1990
Directed by Tony Scott
Written by Jim Harrison and Jeffrey Alan Fiskin (based on the novella by Jim Harrison)
Tony Scott's fourth feature, Revenge, broke new ground for the director: it's bad. It's not very bad, and basically none of it is Scott's fault, but it starts leaking energy at about the time a movie called Revenge should be ramping up, and it ends on a pair of sour notes, either one of which would probably consign it to the outer dark if all you cared about was a movie's politics (and as much as I old-man complain, I do care, it's just not literally the only lens through which I view art), but just as importantly they're symptomatic of a narrative that simply isn't functioning properly anyway. Plus, while it's a minor point, and maybe I wouldn't mind if the film's title weren't so unappealingly blunt and bland, but it's not actually much of a movie about Revenge. Our hero's overriding motive, in fact, is "rescue," and "revenge" merely pops up from time to time as a nice bonus, or because nothing violent has happened recently.

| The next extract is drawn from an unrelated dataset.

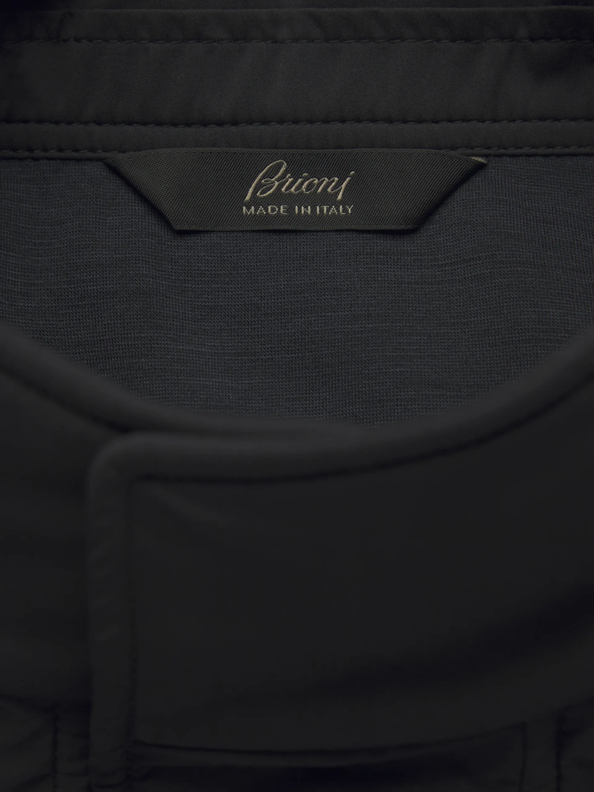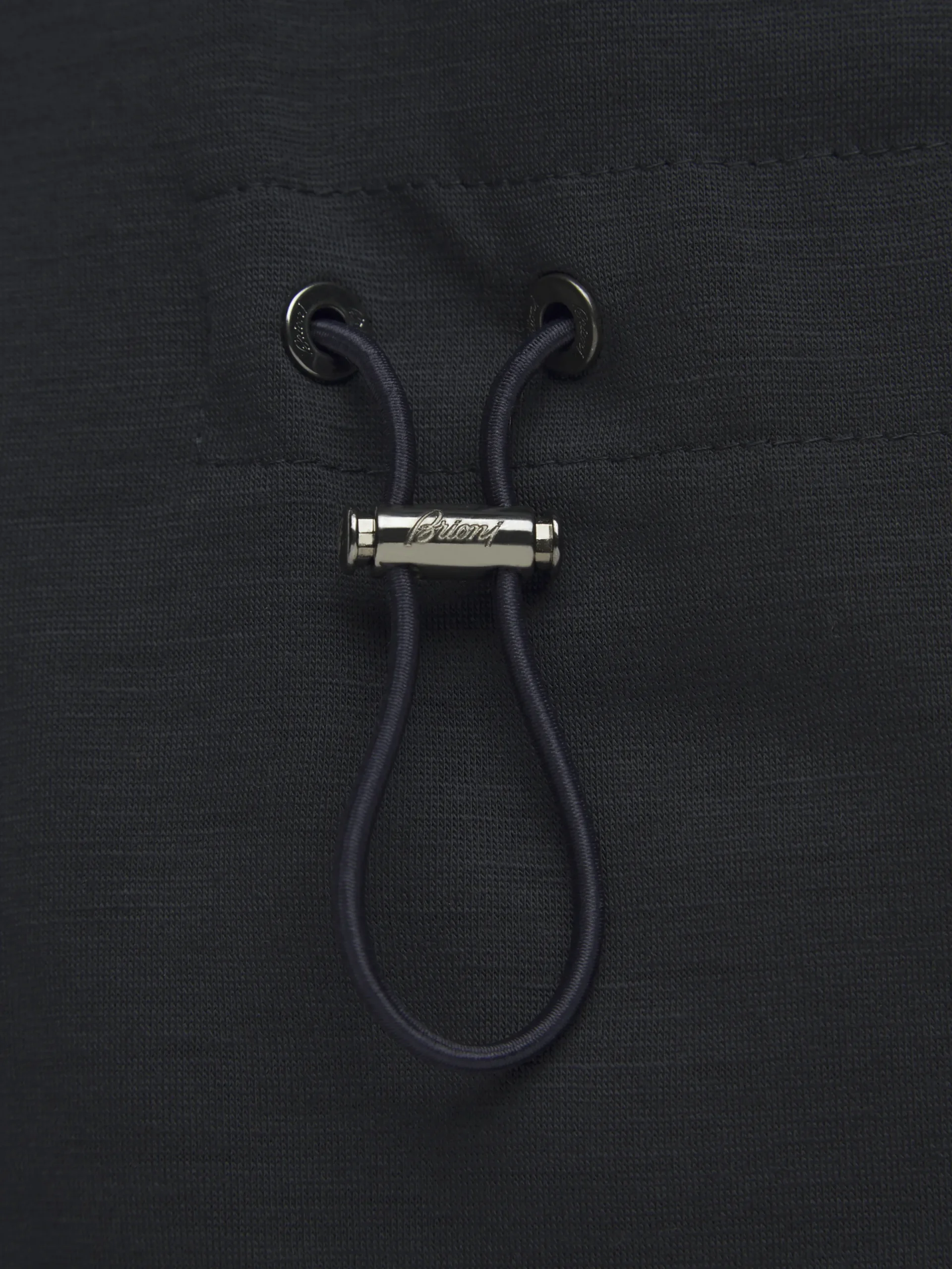 “,”features”:”Elastic waist drawcord nInternal pocket with button closure featuring a regimental stripe loopnLined in wool and cashmere jerseynLeather details are edge-painted by handnLength: 80 cm measured on size 50

But that was the name Jim Harrison went with for his 1979 novella, and so that was the name they were bound to as its film adaptation wound its way through a decade of torturous development. It was one of those things that apparently really stuck to some people, and amongst that number was Kevin Costner, whose influence (as executive producer, no less) was what saw it through. Harrison himself wrote the screenplay, and while Jeffrey Alan Fiskin finessed it, Harrison was deeply gratified by the final product's fidelity. Old Hollywood grandee John Huston had been on and off the project for years, and appears not to have liked the ending any more than I do: he oversaw, by his count, a dozen attempts to change it (and ultimately something changed, for one aspect of the ending we got simply could not have existed in 1979, and probably no earlier than 1984). But it was Costner's involvement that finally put paid to that director's involvement, and the charitable interpretation of events is that Huston could not match Costner's faith in the material; the uncharitable interpretation is that Huston had no interest in having Costner as his lead actor under any circumstances. I've always preferred to withhold judgment on Costner—maybe just because I got sick of "Costner can't act" jokes before I was old enough to drive—but it is a performance that sometimes prompts the question, "Is Kevin Costner a good actor?" That brings us to Scott, riding incredibly high after two megahits that confirmed Tom Cruise and Eddie Murphy as not just stars but icons. Now he was to give Costner a monumental hit of his own, and this didn't work out. It was probably more important for Scott than for Costner: as with Beverly Hills Cop II before it, Revenge echoes in Scott's filmography going forward.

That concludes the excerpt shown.